Non-digital Data Storage

So far we have looked at storage of digital data encoded in bits and bytes. However, information can also be stored non-digitally in various physical and analog media.

Printed materials like books, documents, photographs and film contain information encoded into text, images, graphics and symbols printed on paper, microfilm or photographic media. LPs and analog magnetic tapes encode audio signals into vinyl records or plastic tape reels.

More esoteric non-digital media like punched paper cards and piano rolls have also been used historically. These need manual or electromechanical systems to access rather than computers. However, analog audio and video recordings are now commonly digitized for preservation and access using digital storage media.

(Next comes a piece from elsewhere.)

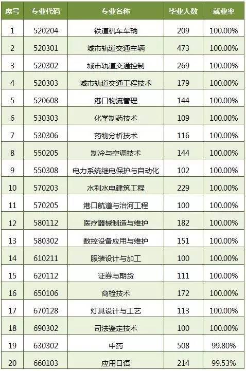 从国家设置的标准专业(毕业生人数在100以上)看,就业率为100%的有18个,属交通运输大类的最多,有5个。
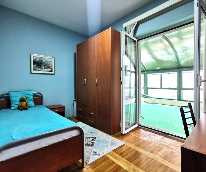Struktura sprata: dnevni boravak, kuhinja, trpezarija, dva kupatila, tri spavaće sobe i dvije terase od kojih je jedna zastakljena površine 32m2.

Examples of Non-digital Information Storage

  • Printed materials – Books, documents, photographs, blueprints, etc.
  • Microforms – Microfilm, microfiche
  • Phonographic records – Vinyl LPs, gramophone records
  • Magnetic tapes – Reel-to-reel, audio cassettes, VHS
  • Punched cards – Hollerith/IBM cards with punched holes
  • Punched tapes – Tape reels with punched holes used in early computing

Data Stores in Digital Systems

Within the domain of digital systems, there are still several locations where data can be stored temporarily, as it is being processed:

CPU Registers

Registers are small storage units directly on the CPU to hold data like instruction operands, memory addresses, condition codes, etc. Access times are under 1 nanosecond.

CPU Cache

Cache is fast SRAM memory located on the CPU chip itself. It stores frequently used data from main memory for even faster access. Cache is managed automatically by the hardware.

RAM

System memory provides working storage for currently executing processes. It is much slower than CPU registers and cache, with access times of ~50-100 nanoseconds for DRAM memory.

Disk Buffers

Buffers are temporary staging areas used by operating systems and databases to hold data being transferred between slower disks and faster RAM.

Network Buffers

Network buffers hold data packets being transferred over a network. They help compensate for differences in transmission speed between network links.

Caching and Copies

An important goal when designing data storage systems is ensuring fast access for applications. As we go further from the CPU, storage becomes slower and higher capacity. Various caching mechanisms help bridge this gap:

  • CPU caches hold frequently accessed main memory data
  • RAM acts as cache for hard disk data
  • Local disks cache data from network storage
  • CDNs cache Internet content closer to users

Making copies of data across multiple locations also helps provide redundancy and fault tolerance if one location becomes unavailable. For archival storage, multiple copies may be stored in different geographic regions to protect against disasters.

Security Considerations

Wherever data resides, it is essential to consider potential security risks. Some key principles for keeping data secure include:

  • Encryption – Scramble data so only authorized parties can read it
  • Access controls – Restrict permissions to modify/delete data
  • Activity logging – Record actions taken on sensitive data
  • Backups – Protect against hardware failures, accidental deletion etc.
  • Physical security – Limit physical access to servers, disks, archives etc.

For highly sensitive data like medical records, financial data, government/military information, additional safeguards are required such as air-gapped systems, multi-factor authentication and more.

Conclusion

In summary, data can exist in many different states as it flows between storage, memory, network and processing units:

  • At rest on hard drives, flash, optical media, tape archives
  • Cached temporarily on server memory or local disks
  • In flight on networks and buses between devices
  • Actively processed on CPU caches and registers

Optimizing where data resides based on how it is used can result in tremendous performance and efficiency benefits. The proliferation of endpoints, networks and cloud platforms gives more options than ever before for storing data. Understanding these options is key to building robust, secure and cost-effective data storage solutions.